Photo Credit: Beitrambam.es
Comunidad Israelita de Sevilla
Located at Calle Bustos Tavera 8, Comunidad Israelita de Sevilla has been in existence since the 1960s and practices an older and more Orthodox version of Judaism. The two wings often collaborate, however, and host communal events together.
Temples are the standard place of worship in Buddhism. The physical layout of Buddhist temples can vary widely depending on the country of origin, though all Buddhist temples will have an image or a statue of Buddha that visitors will face while worshiping. Below, we’ve brought together a few popular Buddhist temples in Seville, Spain.
Centro Budista Chakrasamvara
Located at Calle Senserina, 43 in Seville, Centro Budista Chakrasamvara offers a number of teaching and guided meditation sessions, in addition to general temple services.
Photo Credit: TodoDeSevilla.es
Budista Camino del Diamante
Located at Plaza Doctor González Gramage, 7, Budista Camino del Diamante offers guided meditation sessions in an intimate setting, as well as introductory lessons for those interested in learning more about the practice.
Mahamudra Buddhist Center
Located at Calle Castilla, 93, Mahamudra Buddhist Center is one of the larger meditation centers in the city, and it offers a wide variety of lessons, readings, workshops, and other activities to worshippers.

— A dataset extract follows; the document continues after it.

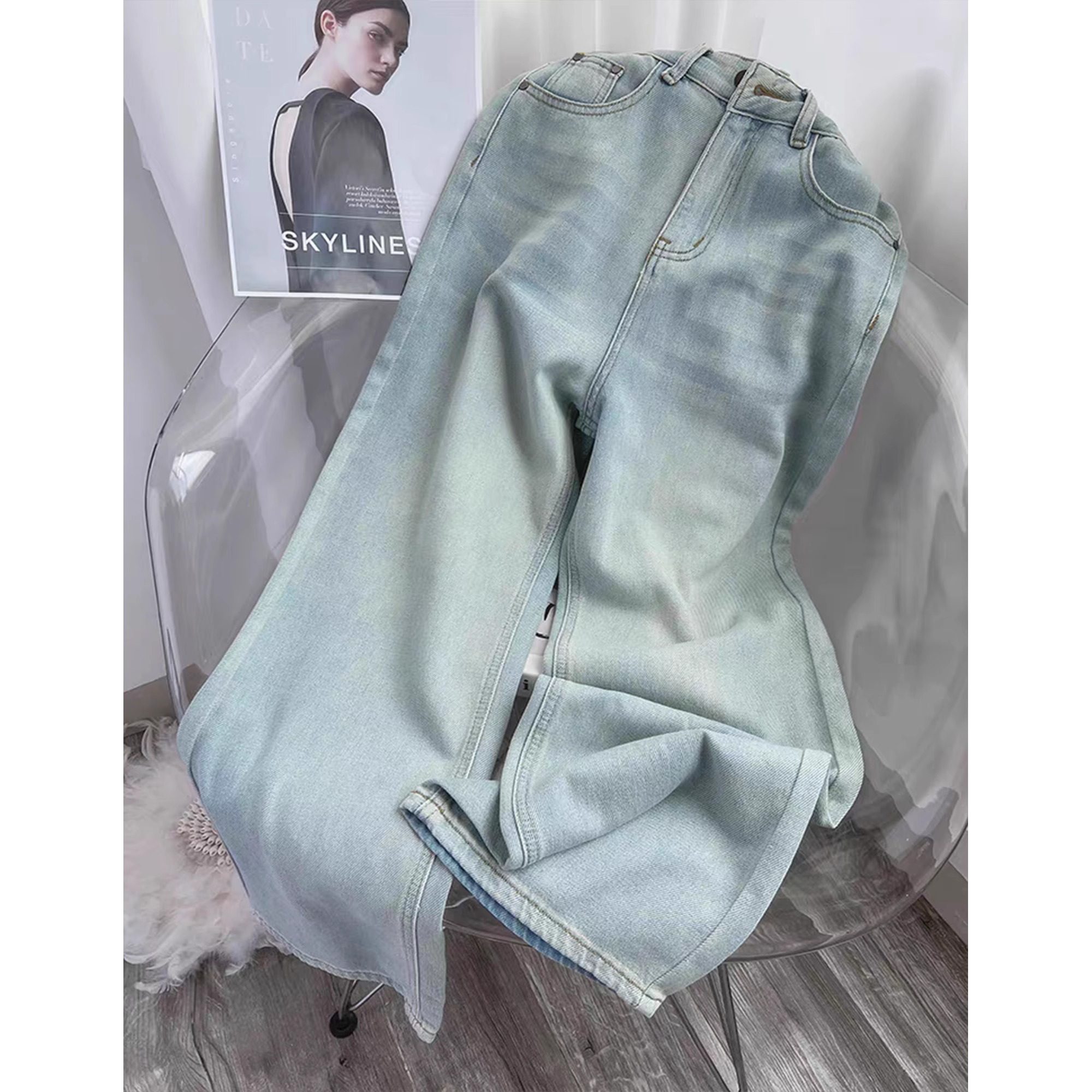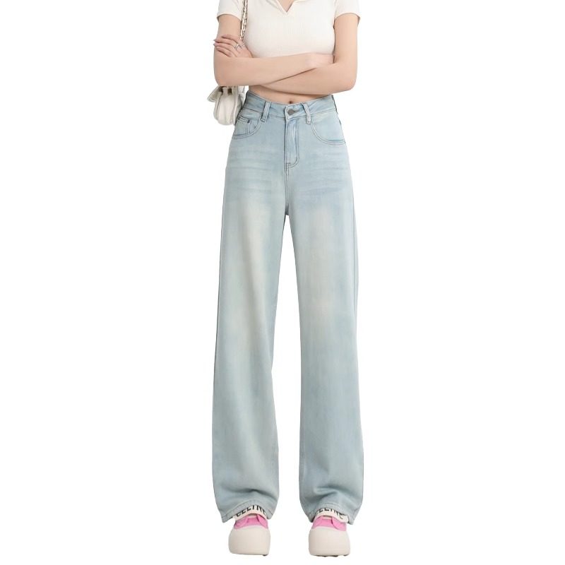 月光蓝设计感直筒牛仔裤女2024年夏季薄款透气高腰垂感窄版阔腿裤

Mandirs are the standard place of worship in Hinduism. Mandirs typically feature a main prayer hall, or mandapa, and a central shrine known as a garbhagriha. Hindus don’t attend regular services in Mandirs but use them for individual worship or social events.
Unfortunately, Seville doesn’t have any mandirs. Spain has a very small Hindu population, which can sometimes make locating a temple difficult. However, there are several mandirs spread across the country, including the Gibraltar Hindu Temple in Gibraltar, Templo Hindu in Málaga, and Jhulelal Mandir in Madrid. Since Seville is a diverse and dynamic city, it can still be worthwhile to run a Google search or look for community-focused groups on Facebook or sites like InterNations — you never know when something new might pop up.
No matter your religious affiliation, you’ll find Seville to be a welcoming and affirming environment to worship in, with plenty of great options. At Verto, we’re excited to have students of all faiths in our semester-abroad programs, and don’t forget that your Student Life Coordinators will always be great resources if you need support in finding a place of worship — or anything else.